> **The data**
**********
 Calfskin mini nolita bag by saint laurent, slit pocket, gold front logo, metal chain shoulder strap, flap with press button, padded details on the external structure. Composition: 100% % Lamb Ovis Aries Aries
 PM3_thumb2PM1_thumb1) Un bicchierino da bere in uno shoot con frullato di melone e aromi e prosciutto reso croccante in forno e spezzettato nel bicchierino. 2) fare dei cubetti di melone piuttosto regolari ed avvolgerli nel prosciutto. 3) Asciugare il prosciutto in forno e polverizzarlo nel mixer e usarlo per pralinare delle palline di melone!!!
**********
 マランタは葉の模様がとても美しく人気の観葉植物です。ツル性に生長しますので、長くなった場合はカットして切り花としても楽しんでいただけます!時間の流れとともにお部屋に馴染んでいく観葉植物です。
**********
> **Exercise**
In the data above, find the line that contains "Calfskin mini nolita" and the line that contains "PM3_thumb2PM1_thumb1) Un bicchierino". Repeat exactly those lines and every line between them, and only those.

> **Written response**
 Calfskin mini nolita bag by saint laurent, slit pocket, gold front logo, metal chain shoulder strap, flap with press button, padded details on the external structure. Composition: 100% % Lamb Ovis Aries Aries
 PM3_thumb2PM1_thumb1) Un bicchierino da bere in uno shoot con frullato di melone e aromi e prosciutto reso croccante in forno e spezzettato nel bicchierino. 2) fare dei cubetti di melone piuttosto regolari ed avvolgerli nel prosciutto. 3) Asciugare il prosciutto in forno e polverizzarlo nel mixer e usarlo per pralinare delle palline di melone!!!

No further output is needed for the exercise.